Now signed to Festival Records — who are also re-releasing the band’s back catalogue this summer — Cyrus’s disinterest in commercial success remains unwavering, despite believing that Skies Darken is his best work. “Maybe because of what I have been through in the last few years it is coming out in the music. I felt the last couple of albums started to lack melody. It was getting really technical.” Skies Darken however sees a strong return to memorable melodies, as well as Cyrus thriving on adversity and leveraging his personal travails for lyrical inspiration. “There is a lot of emotional disturbance coming through, which I think helps with the lyrics as well.” So far so good, but Citizen Cain’s continuing existence hangs in the balance.
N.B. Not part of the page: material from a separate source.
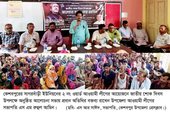 জাতির জনক বঙ্গবন্ধু শেখ মুজিবুর রহমানের ৪৮ তম শাহাদাৎ বার্ষিকী ও জাতীয় শোক দিবস পালন উপলক্ষে ১৯ আগস্ট বিকালে কেশবপুর উপজেলার সাগরদাঁড়ী ইউনিয়নের ১, ২, ৪ ও ৫ নং ওয়ার্ড আওয়ামী লীগের আয়োজনে পৃথক পৃথক ভাবে পালিত হয়েছে। যশোর-৬ কেশবপুর সংসদীয় আসনের সংসদ সদস্য ও যশোর জেলা আওয়ামী লীগের সাধারণ সম্পাদক শাহীন চাকলাদার কেশবপুর উপজেলার ১০৮ টি ওয়ার্ডে জাতীয় শোক দিবসের কর্মসূচী পালনের জন্য ৫ হাজার কেজি চাউল ও নগদ ৬ লাখ টাকা প্রদান করেছেন। সাগরদাঁড়ী ইউনিয়নের ২ নং ওয়ার্ড আওয়ামী লীগের সভাপতি মোমিন মোড়লের সভাপতিত্বে ও সাধারণ সম্পাদক আব্দুল মজিদ গাজীর সঞ্চালনায় মেহেরপুর সরকারী প্রাথমিক বিদ্যালয়ের সভাকক্ষে অনুষ্ঠিত আলোচনা সভা ও দোয়া মাহফিলের প্রধান অতিথির বক্তব্য রাখেন উপজেলা আওয়ামী লীগের সভাপতি এস এম রুহুল আমিন। বিশেষ অতিথির বক্তব্য রাখেন যশোর জেলা আওয়ামী লীগের সদস্য পৌর মেয়র রফিকুল ইসলাম, উপজেলা আওয়ামী লীগের সাংগঠনিক সম্পাদক গৌতম রায়, দপ্তর সম্পাদক মফিজুর রহমান মফিজ, সহ- দপ্তর সম্পাদক মনোজ তরফদার, কোষাধ্যক্ষ স্বপন কুমার মুখার্জী, শিক্ষা ও মানব সম্পাদ বিষয়ক সম্পাদক মহিবুর রশিদ, কেশবপুর উপজেলা প্রেসক্লাবর সভাপতি এস আর সাঈদ, উপজেলা জাতীয় শ্রমিকলীগের আহ্বায়ক সরদার মুনছুর আলী, সাগরদাঁড়ী ইউনিয়ন আওয়ামী লীগের আহ্বায়ক রফিকুল ইসলাম সরদার, যুগ্ম-আহ্বায়ক ওলিয়ার রহমান, যুগ্ম-আহ্বায়ক মাষ্টার জাফর ইকবাল, যুগ্ম-আহ্বায়ক আব্দুল আলিম, পৌর আওয়ামী লীগনেতা আমানুর রহমান খান ও সাগরদাঁড়ী ইউনিয়ন যুবলীগের আহ্বায়ক কাজী আলমগীর।

The band has not played live this millennium and that situation seems unlikely to change, with Cyrus citing the difficulty in recruiting other players, with “being in the middle of Scotland” the main impediment towards finding suitable talent to round out the band. “We have struggled for years to find musicians,” he adds. “Two or three albums ago we started looking for personnel, but it was a real struggle. Trying to get people to play anything outside of 4/4 was a problem. So we ended up having to dolt all ourselves, and we were lucky to get hold of Phil for Playing Dead and this one.” It is a moot point however whether recruitment will pose a practical problem for much longer however, as Cyrus reveals that Skies Darken may represent Citizen Cain’s last album — although he and Bell are both planning solo releases. “I have grown old within this band,” he points out. “I started this in 1982 and many years have passed. Everything that I have ever wanted to say lyrically has been said now. I want to start something new, sons it stands it looks like this is the last Citizen Cain album.” If Cyrus keeps to his word — and his non-conformist approach to his craft suggests that he will — Skies Darken sees Citizen Cain going out with a bang rather than a whimper.
Skies Darken is out now on Festival Records.